_Exercise_: Every entry is to be returned as it stands, apart from the pictures.
───── Data ─────
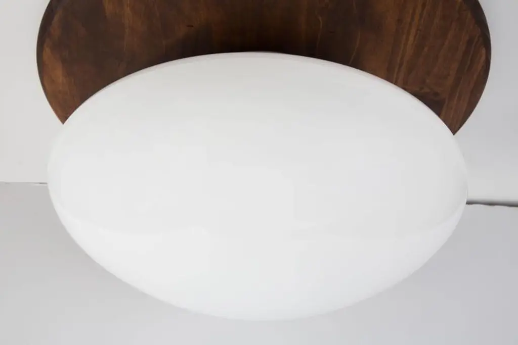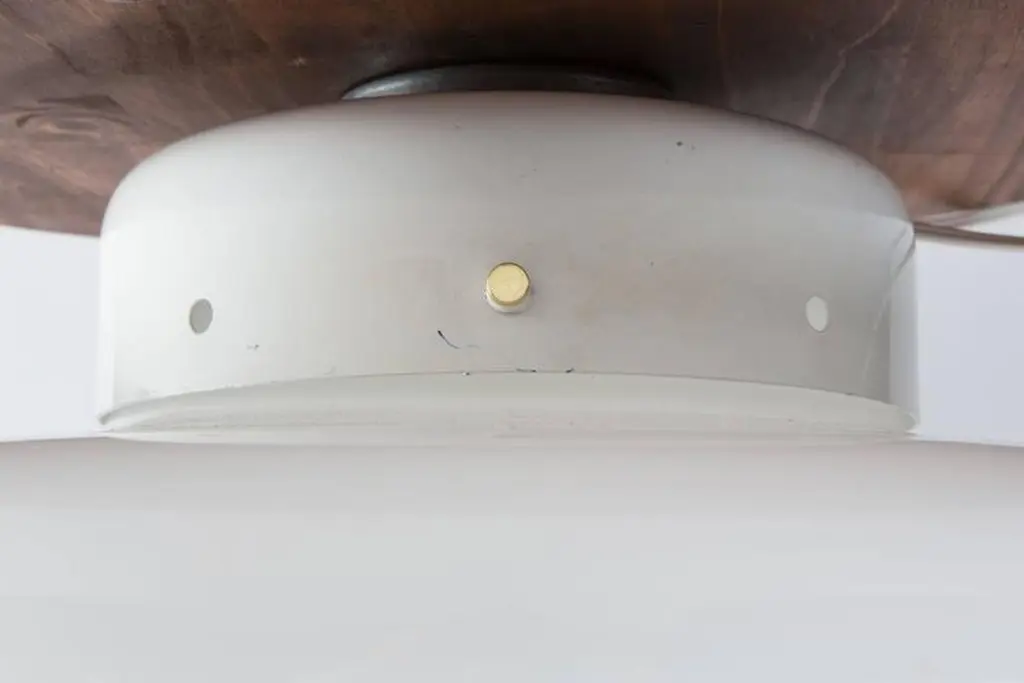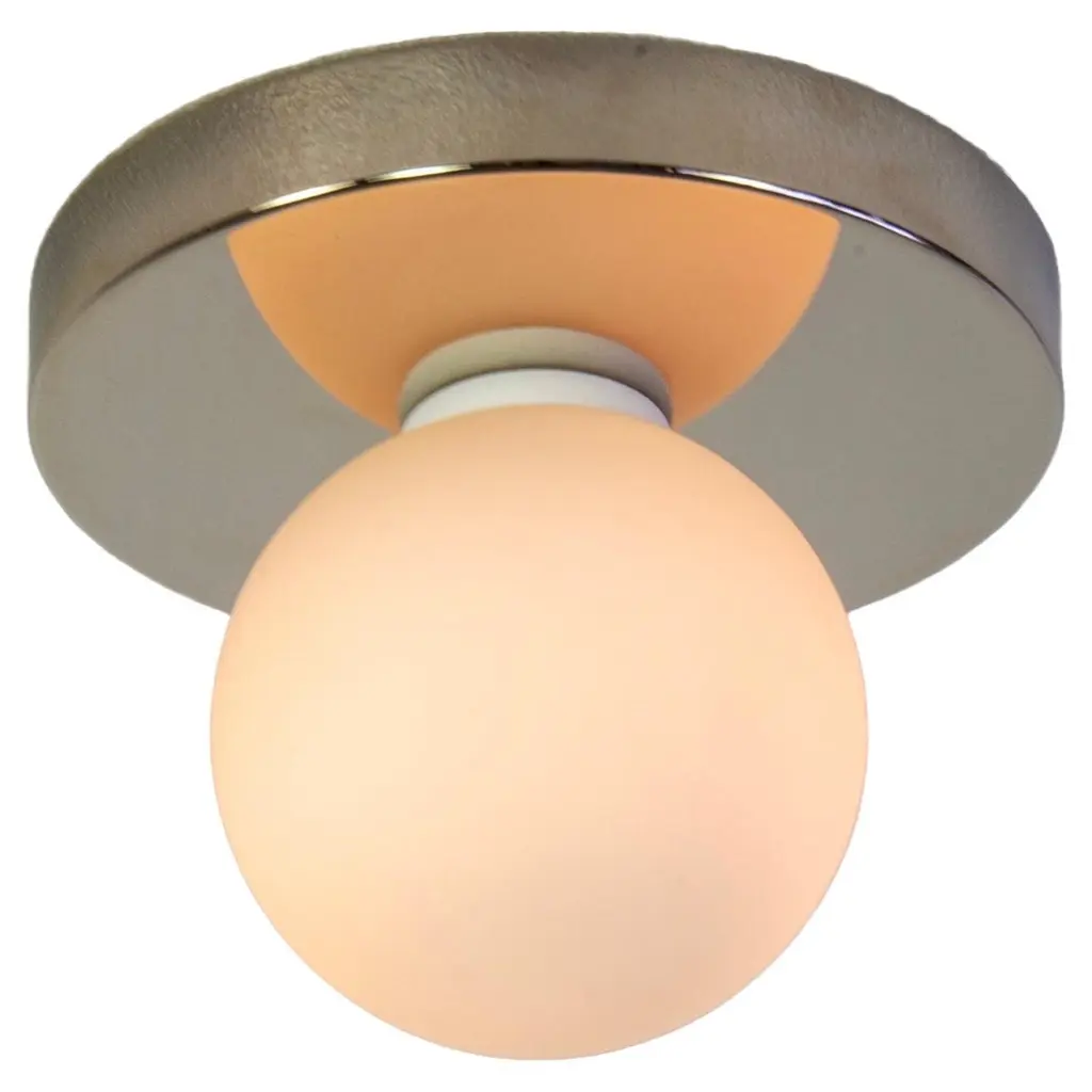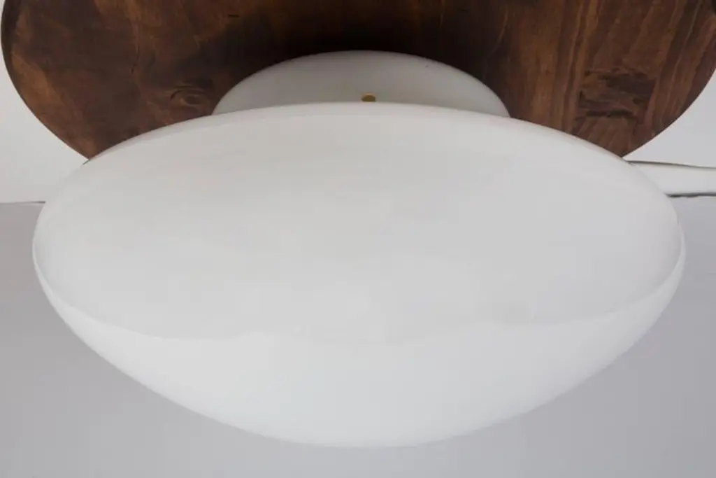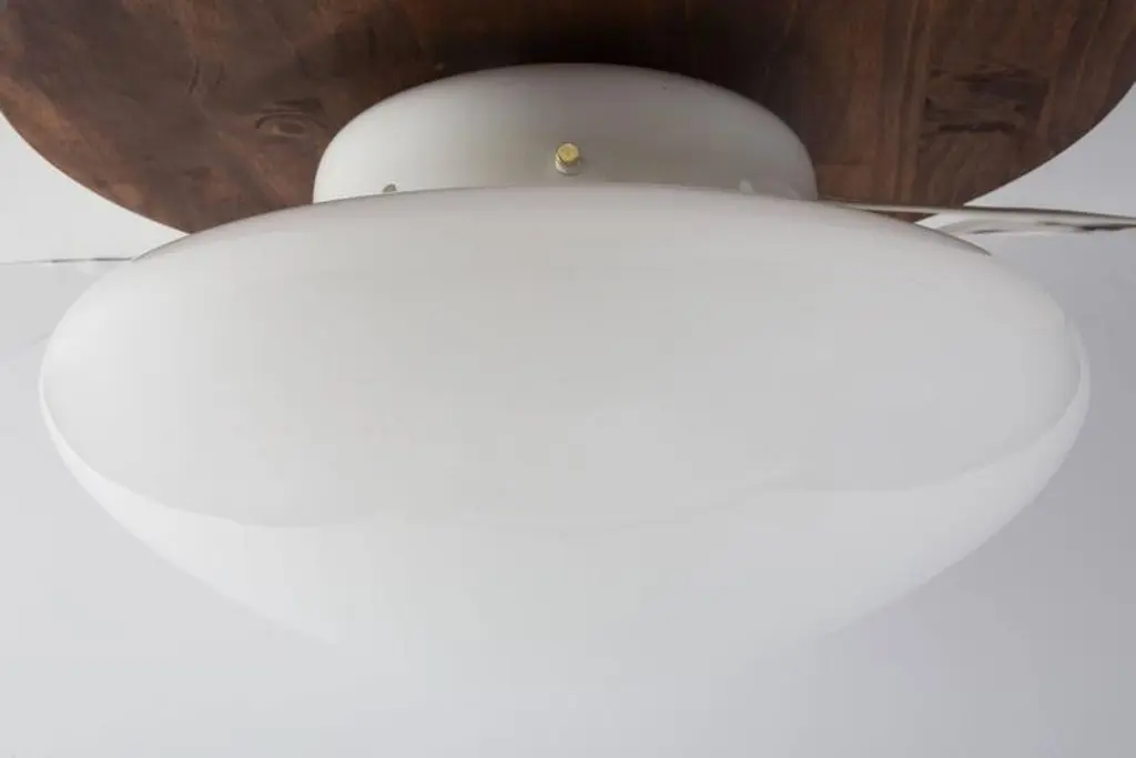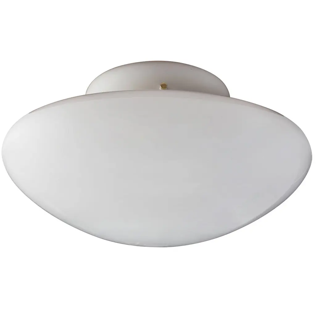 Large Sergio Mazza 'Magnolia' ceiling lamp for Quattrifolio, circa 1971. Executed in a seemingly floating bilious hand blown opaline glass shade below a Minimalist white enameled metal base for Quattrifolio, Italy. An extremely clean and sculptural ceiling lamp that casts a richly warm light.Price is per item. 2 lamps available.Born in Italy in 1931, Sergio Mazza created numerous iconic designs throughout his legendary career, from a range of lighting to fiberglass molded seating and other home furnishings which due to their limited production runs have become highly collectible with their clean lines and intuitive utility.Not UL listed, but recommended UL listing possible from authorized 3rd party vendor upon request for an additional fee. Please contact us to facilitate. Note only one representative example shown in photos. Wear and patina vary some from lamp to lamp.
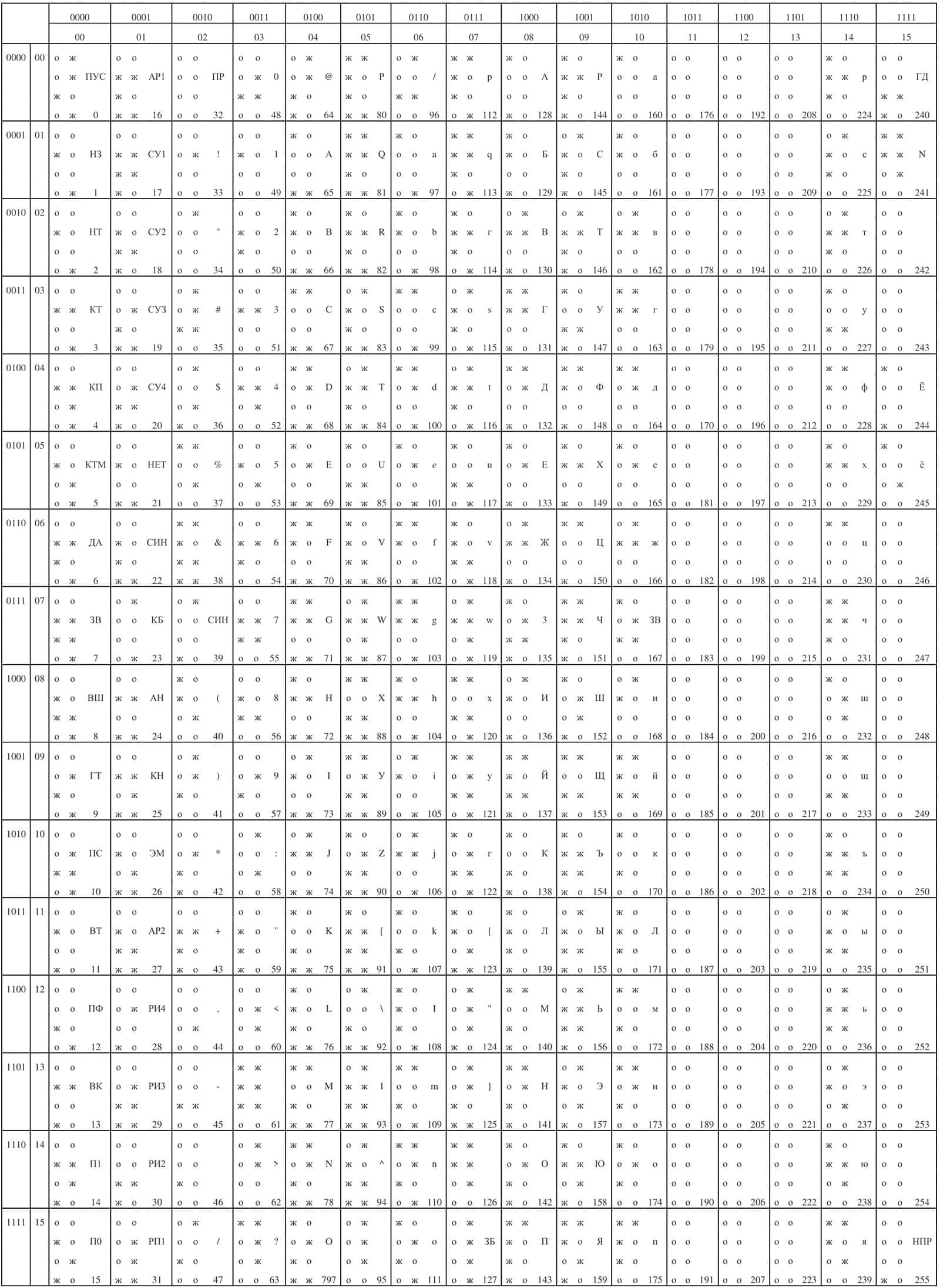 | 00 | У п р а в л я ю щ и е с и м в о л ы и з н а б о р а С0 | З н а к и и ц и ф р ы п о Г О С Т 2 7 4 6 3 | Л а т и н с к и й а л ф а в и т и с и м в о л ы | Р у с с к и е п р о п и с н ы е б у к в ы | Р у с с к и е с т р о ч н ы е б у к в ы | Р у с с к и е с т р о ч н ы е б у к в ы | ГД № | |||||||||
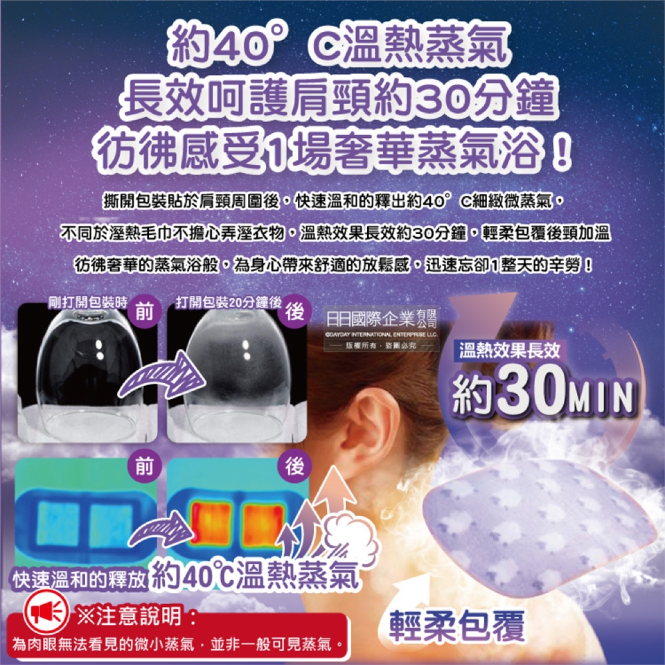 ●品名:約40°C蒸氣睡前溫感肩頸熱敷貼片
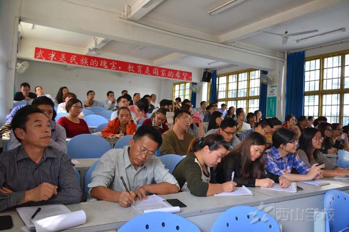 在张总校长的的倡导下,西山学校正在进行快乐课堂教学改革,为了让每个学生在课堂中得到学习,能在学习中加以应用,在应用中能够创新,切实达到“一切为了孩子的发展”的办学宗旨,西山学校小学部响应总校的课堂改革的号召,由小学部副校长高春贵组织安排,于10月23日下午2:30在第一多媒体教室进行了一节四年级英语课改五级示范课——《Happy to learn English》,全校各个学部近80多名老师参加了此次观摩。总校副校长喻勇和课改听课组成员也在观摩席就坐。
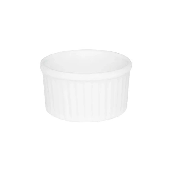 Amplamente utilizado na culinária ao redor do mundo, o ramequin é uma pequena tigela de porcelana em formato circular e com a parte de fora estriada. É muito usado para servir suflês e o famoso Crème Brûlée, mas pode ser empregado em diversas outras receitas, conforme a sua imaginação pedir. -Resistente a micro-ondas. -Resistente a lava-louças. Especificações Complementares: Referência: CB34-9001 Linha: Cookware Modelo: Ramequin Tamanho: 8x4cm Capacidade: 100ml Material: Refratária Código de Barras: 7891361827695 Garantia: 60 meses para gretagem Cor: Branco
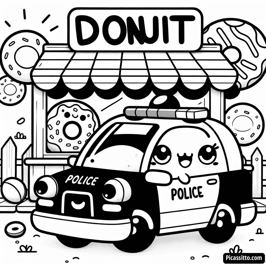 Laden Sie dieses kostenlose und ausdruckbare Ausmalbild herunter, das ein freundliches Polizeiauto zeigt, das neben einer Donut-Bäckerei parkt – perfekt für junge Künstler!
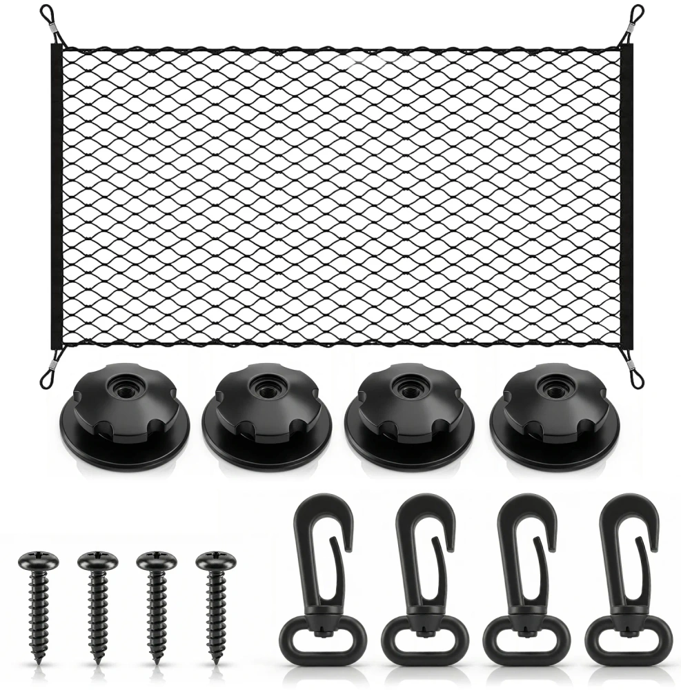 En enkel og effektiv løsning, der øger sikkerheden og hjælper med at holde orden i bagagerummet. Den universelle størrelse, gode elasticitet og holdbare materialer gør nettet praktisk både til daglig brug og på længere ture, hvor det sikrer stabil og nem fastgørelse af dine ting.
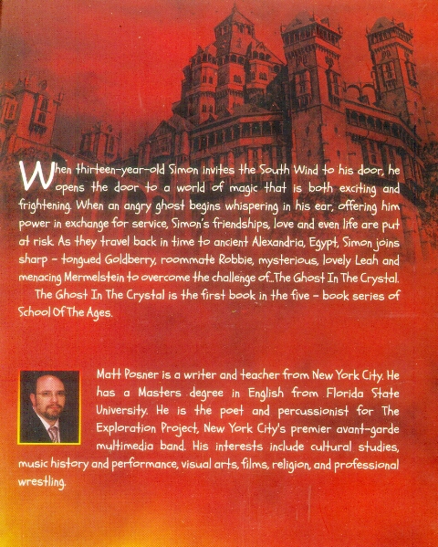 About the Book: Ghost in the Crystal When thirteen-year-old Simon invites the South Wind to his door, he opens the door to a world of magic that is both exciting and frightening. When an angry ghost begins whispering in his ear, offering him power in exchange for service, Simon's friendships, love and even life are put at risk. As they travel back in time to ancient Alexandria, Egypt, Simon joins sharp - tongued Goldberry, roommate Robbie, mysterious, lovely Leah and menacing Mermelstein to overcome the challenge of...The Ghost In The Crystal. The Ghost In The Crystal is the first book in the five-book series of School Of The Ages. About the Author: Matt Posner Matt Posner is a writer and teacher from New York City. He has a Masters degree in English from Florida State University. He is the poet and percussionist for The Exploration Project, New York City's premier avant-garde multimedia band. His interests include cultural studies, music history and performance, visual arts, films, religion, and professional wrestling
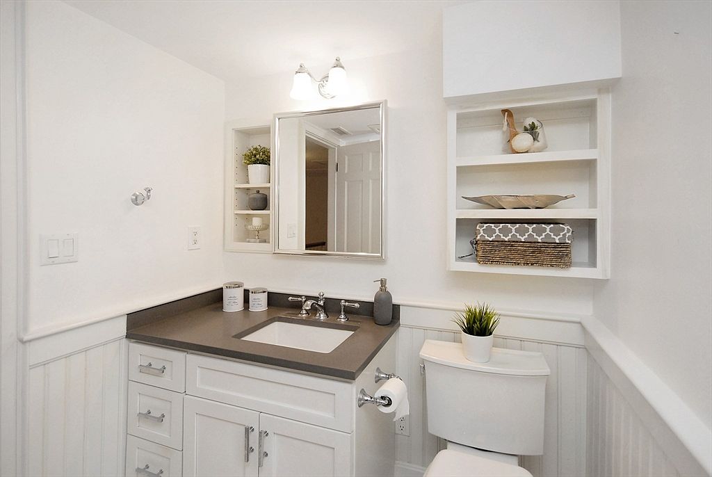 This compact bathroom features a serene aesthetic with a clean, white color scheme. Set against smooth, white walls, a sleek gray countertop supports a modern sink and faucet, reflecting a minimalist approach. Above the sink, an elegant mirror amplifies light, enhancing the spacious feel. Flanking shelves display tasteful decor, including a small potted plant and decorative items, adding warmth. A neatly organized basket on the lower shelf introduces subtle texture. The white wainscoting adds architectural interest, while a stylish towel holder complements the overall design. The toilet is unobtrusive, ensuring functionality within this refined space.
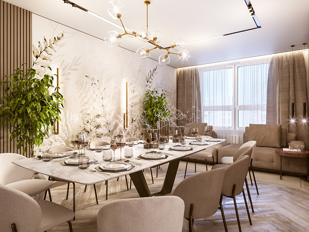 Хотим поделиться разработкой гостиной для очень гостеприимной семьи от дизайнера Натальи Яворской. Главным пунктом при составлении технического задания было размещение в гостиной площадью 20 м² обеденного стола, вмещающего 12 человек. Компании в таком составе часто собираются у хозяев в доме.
─────
_Exercise output_:
 Large Sergio Mazza 'Magnolia' ceiling lamp for Quattrifolio, circa 1971. Executed in a seemingly floating bilious hand blown opaline glass shade below a Minimalist white enameled metal base for Quattrifolio, Italy. An extremely clean and sculptural ceiling lamp that casts a richly warm light.Price is per item. 2 lamps available.Born in Italy in 1931, Sergio Mazza created numerous iconic designs throughout his legendary career, from a range of lighting to fiberglass molded seating and other home furnishings which due to their limited production runs have become highly collectible with their clean lines and intuitive utility.Not UL listed, but recommended UL listing possible from authorized 3rd party vendor upon request for an additional fee. Please contact us to facilitate. Note only one representative example shown in photos. Wear and patina vary some from lamp to lamp.
 | 00 | У п р а в л я ю щ и е с и м в о л ы и з н а б о р а С0 | З н а к и и ц и ф р ы п о Г О С Т 2 7 4 6 3 | Л а т и н с к и й а л ф а в и т и с и м в о л ы | Р у с с к и е п р о п и с н ы е б у к в ы | Р у с с к и е с т р о ч н ы е б у к в ы | Р у с с к и е с т р о ч н ы е б у к в ы | ГД № | |||||||||
 ●品名:約40°C蒸氣睡前溫感肩頸熱敷貼片
 在张总校长的的倡导下,西山学校正在进行快乐课堂教学改革,为了让每个学生在课堂中得到学习,能在学习中加以应用,在应用中能够创新,切实达到“一切为了孩子的发展”的办学宗旨,西山学校小学部响应总校的课堂改革的号召,由小学部副校长高春贵组织安排,于10月23日下午2:30在第一多媒体教室进行了一节四年级英语课改五级示范课——《Happy to learn English》,全校各个学部近80多名老师参加了此次观摩。总校副校长喻勇和课改听课组成员也在观摩席就坐。
 Amplamente utilizado na culinária ao redor do mundo, o ramequin é uma pequena tigela de porcelana em formato circular e com a parte de fora estriada. É muito usado para servir suflês e o famoso Crème Brûlée, mas pode ser empregado em diversas outras receitas, conforme a sua imaginação pedir. -Resistente a micro-ondas. -Resistente a lava-louças. Especificações Complementares: Referência: CB34-9001 Linha: Cookware Modelo: Ramequin Tamanho: 8x4cm Capacidade: 100ml Material: Refratária Código de Barras: 7891361827695 Garantia: 60 meses para gretagem Cor: Branco
 Laden Sie dieses kostenlose und ausdruckbare Ausmalbild herunter, das ein freundliches Polizeiauto zeigt, das neben einer Donut-Bäckerei parkt – perfekt für junge Künstler!
 En enkel og effektiv løsning, der øger sikkerheden og hjælper med at holde orden i bagagerummet. Den universelle størrelse, gode elasticitet og holdbare materialer gør nettet praktisk både til daglig brug og på længere ture, hvor det sikrer stabil og nem fastgørelse af dine ting.
 About the Book: Ghost in the Crystal When thirteen-year-old Simon invites the South Wind to his door, he opens the door to a world of magic that is both exciting and frightening. When an angry ghost begins whispering in his ear, offering him power in exchange for service, Simon's friendships, love and even life are put at risk. As they travel back in time to ancient Alexandria, Egypt, Simon joins sharp - tongued Goldberry, roommate Robbie, mysterious, lovely Leah and menacing Mermelstein to overcome the challenge of...The Ghost In The Crystal. The Ghost In The Crystal is the first book in the five-book series of School Of The Ages. About the Author: Matt Posner Matt Posner is a writer and teacher from New York City. He has a Masters degree in English from Florida State University. He is the poet and percussionist for The Exploration Project, New York City's premier avant-garde multimedia band. His interests include cultural studies, music history and performance, visual arts, films, religion, and professional wrestling
 This compact bathroom features a serene aesthetic with a clean, white color scheme. Set against smooth, white walls, a sleek gray countertop supports a modern sink and faucet, reflecting a minimalist approach. Above the sink, an elegant mirror amplifies light, enhancing the spacious feel. Flanking shelves display tasteful decor, including a small potted plant and decorative items, adding warmth. A neatly organized basket on the lower shelf introduces subtle texture. The white wainscoting adds architectural interest, while a stylish towel holder complements the overall design. The toilet is unobtrusive, ensuring functionality within this refined space.
 Хотим поделиться разработкой гостиной для очень гостеприимной семьи от дизайнера Натальи Яворской. Главным пунктом при составлении технического задания было размещение в гостиной площадью 20 м² обеденного стола, вмещающего 12 человек. Компании в таком составе часто собираются у хозяев в доме.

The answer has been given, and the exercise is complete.